Ainsi, il est de coutume, en sciences économiques, de distinguer plusieurs théories : la théorie classique, néo-classique, keynésienne, etc. Claude Mouchot (2003) rappelle que chacune de ces théories a donné lieu, au moment de son émergence, à une révolution paradigmatique (révolution marginaliste, révolution keynésienne) au sens de Thomas Kuhn. Il reconnaît cependant – et en ce sens il fait sienne l’analyse de Rodrik sur les progrès de la science économique – que l’adoption d’un nouveau paradigme par les économistes, à la différence de la science physique, ne conduit pas à l’abandon des précédents.
Le discours de la science économique n’est donc pas unifié, mais pluriel. Loin de certains fondamentalismes, Dani Rodrik défend une posture scientifique très prudente : « Les théories économiques générales ne sont rien de plus qu’un étayage pour des contingences empiriques.

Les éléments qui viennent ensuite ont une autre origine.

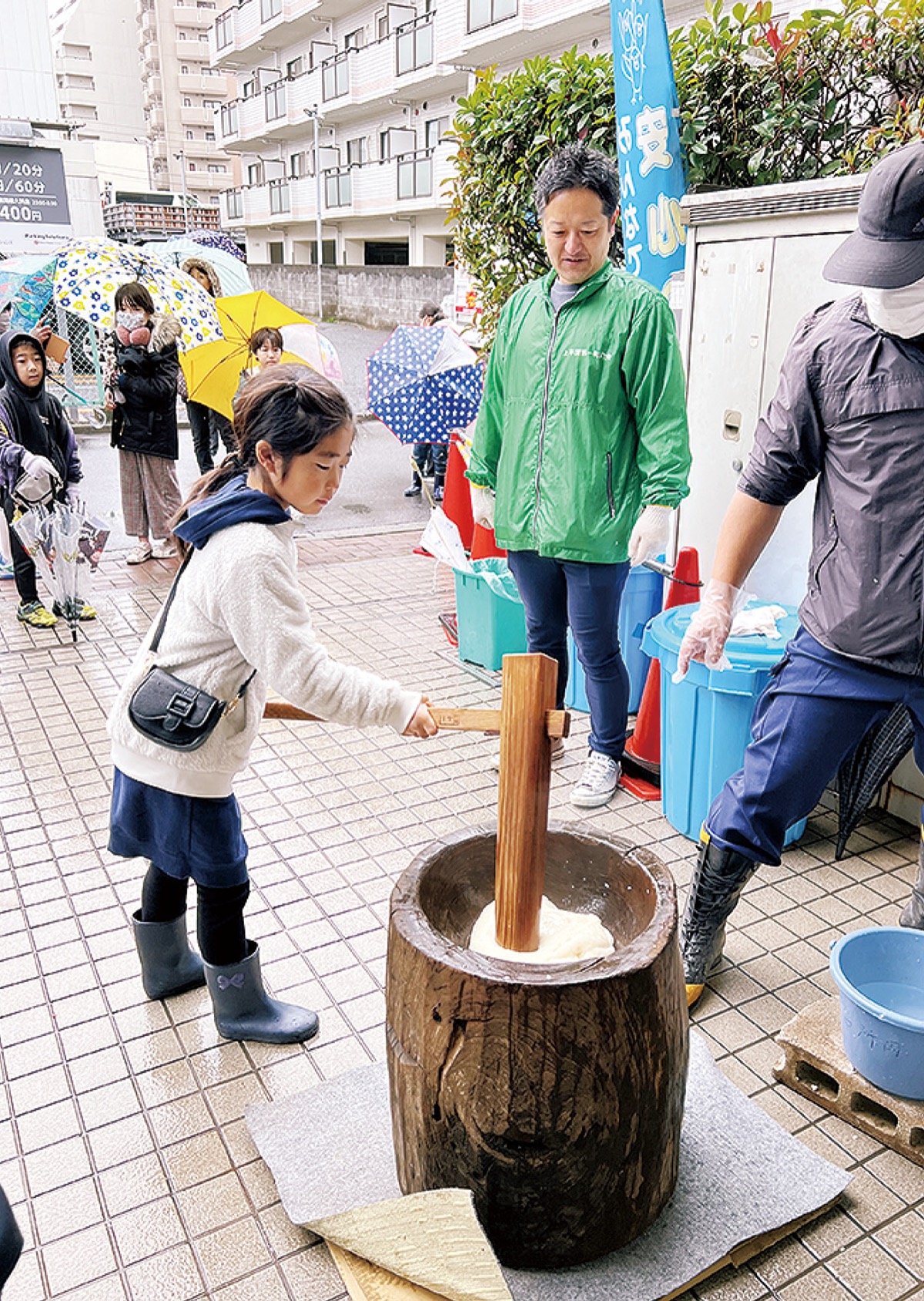 用意されたもち米は約35kg。町会役員ら40人ほどで協力し、伝統の臼と杵を使い威勢よく餅をついた。体験した児童も、周囲の「よいしょ、よいしょ」の掛け声とともに何度も杵を振り上げた。全員におもちゃも配られ満足げな表情が見られた。餅はきなことあんこの2種類でパックに詰め、約250セットを200円で販売。田口代表は「雨の中、大勢の方にお越しいただいた。売上は能登半島地震の被災者に寄付する」と話した。

Elles sont un moyen d’organiser nos pensées davantage que des cadres explicatifs indépendants » (p. 104). Cette attitude est cohérente avec l’idée que l’auteur se fait des modèles économiques. Ces derniers produisent des connaissances nécessairement limitées. Si la situation étudiée est complexe, le modèle ne livre qu’une explication partielle de celle-ci. Cette attitude lucide et nuancée contraste avec celle, dogmatique, de nombre d’économistes qui considèrent que « seule la théorie dominante (néo-classique) constitue la science économique, toutes les autres approches étant au mieux non scientifiques, au pire nulles et non avenues » (Mouchot 2013, p. 127).